Era ya un escritor olvidado, marcado por una visión del mundo que forjaba su genio y su maldición, inseparablemente. Jim Thompson cargaba en solitario con el peso del fracaso. Apenas el alcohol y la escritura disminuían levemente su infernal sufrimiento. Vivía en su piel «la tragedia de los siglos, ya que nada ni nadie se destruye por completo; sencillamente, asume nuevas formas. Mírame a mí, por ejemplo. Pregúntame si estoy destruido y contéstame sí o no. —Y se veía a sí mismo como el caso clásico del grifo cuadrado en la tubería redonda—. Cada uno es un ángel y un hijo de perra, ambas cosas».
De este modo, como en una tragedia griega, como un Dante de piel calcinada, descendía desvalido y sin defensas hasta los infiernos de la culpa y el remordimiento. Nada se sostiene en la literatura y en la vida, excepto el miedo, ese horror psíquico individual contenido en el interior de un horror colectivo creado por las estructuras sociales del Sistema: el Estado, la iglesia y la Familia. Y si en La sangre de los King la familia es dinamitada con salvaje desesperación, el horror total surge dentro del escritor y se expresa literariamente a través de personajes como su psicópata Rudy Torrento, quien «tenía miedo a dormir e igualmente temía despertar; desde el amanecer de su memoria, los días también se habían identificado con el terror.
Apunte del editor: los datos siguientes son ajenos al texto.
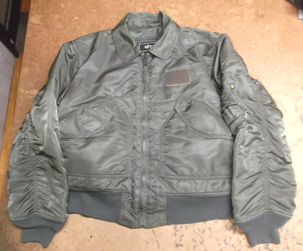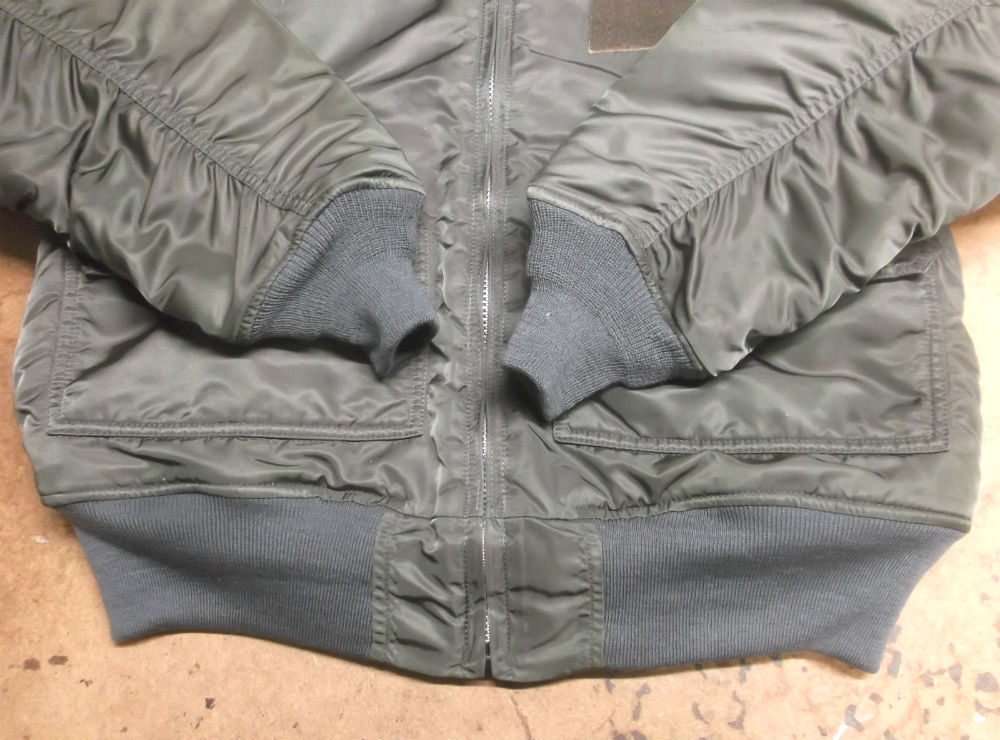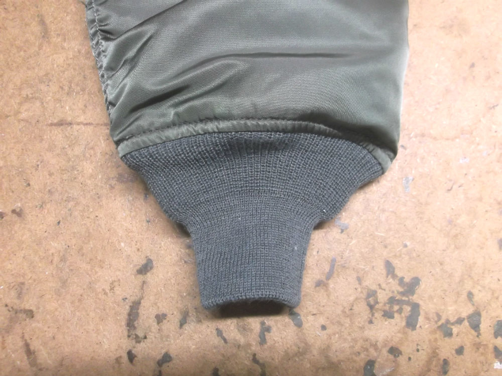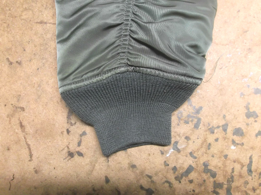 11枚目はCWU-45Pフライトジャケットに両袖と腰回りの新しいリブニットを取り付けた後の写真です。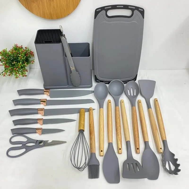 مجموعة أدوات مطبخ من السيليكون الفاخر، مكونة من 19 قطعة،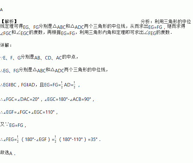 如图,四边形 ABCD 中,AD=BC,E、F、G 分别是 AB、CD、AC 的中点,若∠DAC=20 º,∠ACB=90 º,则 ∠FEG=( )

En todo caso, sin embargo, su miedo era de diferente clase. Un ratón acorralado debía sentir lo mismo que Rudy Torrento sentía al tomar conciencia cada día. O una culebra atrapada entre los dientes de una horca. Era un miedo enloquecedor, agresivo, ultrajante y furioso; una sensación de escalofrío que se iba apoderando del hombre cuya existencia dependía de él».
Dos años antes de su muerte, en 1975, la última decepción se apoderó de Thompson con el estreno de la versión de El asesino dentro de mí, filmada por el artesano Burt Kennedy. La impresión que recibió fue tan tremenda que se quedó sin voz. Desde entonces, comenzó a sufrir sucesivas trombosis en las que perdía el habla y la posibilidad de comunicarse. «Para un hombre como yo —dijo a sus hijos una de las últimas veces que pudo expresarse—, que siempre ha amado las palabras, esto es lo peor que me podía ocurrir».
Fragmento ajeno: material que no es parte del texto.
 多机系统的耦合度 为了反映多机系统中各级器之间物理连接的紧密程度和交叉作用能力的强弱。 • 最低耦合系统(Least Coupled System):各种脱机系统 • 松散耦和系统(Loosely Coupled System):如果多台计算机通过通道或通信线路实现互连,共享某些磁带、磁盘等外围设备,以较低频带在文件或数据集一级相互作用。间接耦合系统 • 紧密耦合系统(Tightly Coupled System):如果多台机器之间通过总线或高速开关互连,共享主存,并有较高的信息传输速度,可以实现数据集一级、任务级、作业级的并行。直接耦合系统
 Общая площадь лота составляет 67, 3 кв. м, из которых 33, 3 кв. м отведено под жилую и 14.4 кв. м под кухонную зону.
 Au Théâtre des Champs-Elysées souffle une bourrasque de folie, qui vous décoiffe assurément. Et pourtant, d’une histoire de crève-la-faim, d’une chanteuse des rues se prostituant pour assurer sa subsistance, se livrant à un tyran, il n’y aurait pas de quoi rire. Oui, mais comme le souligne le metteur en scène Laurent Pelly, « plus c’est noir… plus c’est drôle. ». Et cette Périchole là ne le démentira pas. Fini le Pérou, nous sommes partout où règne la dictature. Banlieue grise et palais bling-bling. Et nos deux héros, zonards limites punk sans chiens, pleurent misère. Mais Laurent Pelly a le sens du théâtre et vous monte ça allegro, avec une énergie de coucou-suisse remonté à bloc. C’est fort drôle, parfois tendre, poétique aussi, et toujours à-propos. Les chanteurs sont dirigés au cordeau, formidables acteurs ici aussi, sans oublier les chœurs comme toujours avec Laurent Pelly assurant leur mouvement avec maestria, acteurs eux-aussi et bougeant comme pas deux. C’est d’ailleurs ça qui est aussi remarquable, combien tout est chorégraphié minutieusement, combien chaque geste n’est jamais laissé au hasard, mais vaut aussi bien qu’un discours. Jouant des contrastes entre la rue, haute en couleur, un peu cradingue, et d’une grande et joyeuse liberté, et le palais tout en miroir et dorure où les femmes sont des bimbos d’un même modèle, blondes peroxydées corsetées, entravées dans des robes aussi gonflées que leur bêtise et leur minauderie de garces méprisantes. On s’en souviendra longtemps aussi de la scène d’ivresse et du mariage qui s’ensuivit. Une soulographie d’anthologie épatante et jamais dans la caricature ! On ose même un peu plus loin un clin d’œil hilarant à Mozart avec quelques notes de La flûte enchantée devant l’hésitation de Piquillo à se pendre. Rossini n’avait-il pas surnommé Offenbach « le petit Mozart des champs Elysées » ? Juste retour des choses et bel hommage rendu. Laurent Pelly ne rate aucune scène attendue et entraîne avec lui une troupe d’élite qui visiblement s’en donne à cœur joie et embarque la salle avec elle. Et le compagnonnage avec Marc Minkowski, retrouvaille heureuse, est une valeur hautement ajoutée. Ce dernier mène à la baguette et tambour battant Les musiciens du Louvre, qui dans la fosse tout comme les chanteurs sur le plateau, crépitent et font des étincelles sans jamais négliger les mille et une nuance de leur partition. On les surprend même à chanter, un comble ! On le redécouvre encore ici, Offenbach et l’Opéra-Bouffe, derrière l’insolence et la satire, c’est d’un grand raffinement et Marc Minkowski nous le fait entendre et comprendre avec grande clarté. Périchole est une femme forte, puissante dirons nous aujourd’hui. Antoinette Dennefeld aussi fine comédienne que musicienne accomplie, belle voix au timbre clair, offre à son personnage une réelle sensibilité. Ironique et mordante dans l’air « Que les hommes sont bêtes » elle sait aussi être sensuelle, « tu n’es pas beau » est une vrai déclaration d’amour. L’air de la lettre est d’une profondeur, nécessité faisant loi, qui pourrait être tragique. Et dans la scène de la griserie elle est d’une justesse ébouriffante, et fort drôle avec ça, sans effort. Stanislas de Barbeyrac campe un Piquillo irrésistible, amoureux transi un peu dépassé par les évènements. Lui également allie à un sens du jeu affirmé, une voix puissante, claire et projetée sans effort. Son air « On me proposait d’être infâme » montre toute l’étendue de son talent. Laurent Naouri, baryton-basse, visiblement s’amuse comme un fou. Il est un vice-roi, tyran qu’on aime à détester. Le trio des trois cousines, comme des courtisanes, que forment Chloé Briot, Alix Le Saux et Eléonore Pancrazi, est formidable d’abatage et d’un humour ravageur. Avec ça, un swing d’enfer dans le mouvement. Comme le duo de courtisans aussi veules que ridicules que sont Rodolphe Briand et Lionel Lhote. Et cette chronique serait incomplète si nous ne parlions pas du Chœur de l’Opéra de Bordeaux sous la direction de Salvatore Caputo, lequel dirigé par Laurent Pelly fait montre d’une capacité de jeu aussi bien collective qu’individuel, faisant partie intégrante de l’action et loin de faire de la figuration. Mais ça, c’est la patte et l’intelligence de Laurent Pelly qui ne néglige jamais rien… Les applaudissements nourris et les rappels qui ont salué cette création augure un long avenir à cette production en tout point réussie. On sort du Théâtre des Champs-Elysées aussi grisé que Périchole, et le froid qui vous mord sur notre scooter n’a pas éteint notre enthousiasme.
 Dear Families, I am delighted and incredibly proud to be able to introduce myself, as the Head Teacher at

Su agonía fue lenta y dolorosa. Y vivió la pesadilla añadida de haber sido recluido, como su padre Pop, en un asilo de ancianos. Para acabar con su vida cuanto antes, dejó de comer. Y la sombra de Pop regresaba a su mente mientras balbuceaba constantemente: «Perdón, perdón, perdón…». También, con lágrimas en los ojos, exclamaba ante la sorpresa de su hija Sharon: «¡Cómo han podido hacerme esto!».
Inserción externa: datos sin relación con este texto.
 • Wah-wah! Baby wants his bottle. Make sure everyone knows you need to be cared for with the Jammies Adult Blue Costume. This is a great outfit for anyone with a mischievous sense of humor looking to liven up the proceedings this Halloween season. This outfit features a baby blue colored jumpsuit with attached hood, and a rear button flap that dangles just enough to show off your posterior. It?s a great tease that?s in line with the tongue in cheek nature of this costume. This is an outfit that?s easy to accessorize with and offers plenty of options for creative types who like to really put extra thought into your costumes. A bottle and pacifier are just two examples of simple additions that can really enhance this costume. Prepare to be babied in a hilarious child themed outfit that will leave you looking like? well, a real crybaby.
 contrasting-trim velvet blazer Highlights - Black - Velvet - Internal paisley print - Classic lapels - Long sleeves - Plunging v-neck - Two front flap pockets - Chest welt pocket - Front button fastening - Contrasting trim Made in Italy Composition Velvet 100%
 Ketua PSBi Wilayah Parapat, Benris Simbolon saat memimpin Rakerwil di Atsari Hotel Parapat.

Fue su hijo Michael —que tantos problemas le creó con sus depresiones y sus intentos de suicidio y al que jamás abandonó— quien lo sacó del asilo y se lo llevó a su casa. Su vida se apagaría en pocos meses. Cuando, el jueves santo, 7 de abril de 1977, murió, ninguno de sus libros permanecía editado en Estados Unidos. A su entierro apenas asistieron veinticinco personas, de las cuales sólo cuatro no pertenecían a la familia.
En declaraciones al biógrafo Michael McCauley, el editor Arnold Hano, de Lion Books, recordó con amargura aquel triste momento: «Además de la poca gente que asistió al sepelio —dijo Hano—, una idea golpeaba mi cerebro con fuerza: me parecía estar en una novela de Jim Thompson».
Maldito hasta el fin. «Sí, creo que eso es todo, a no ser que la gente como nosotros tenga otra oportunidad en el otro mundo. Nosotros, la gente como nosotros».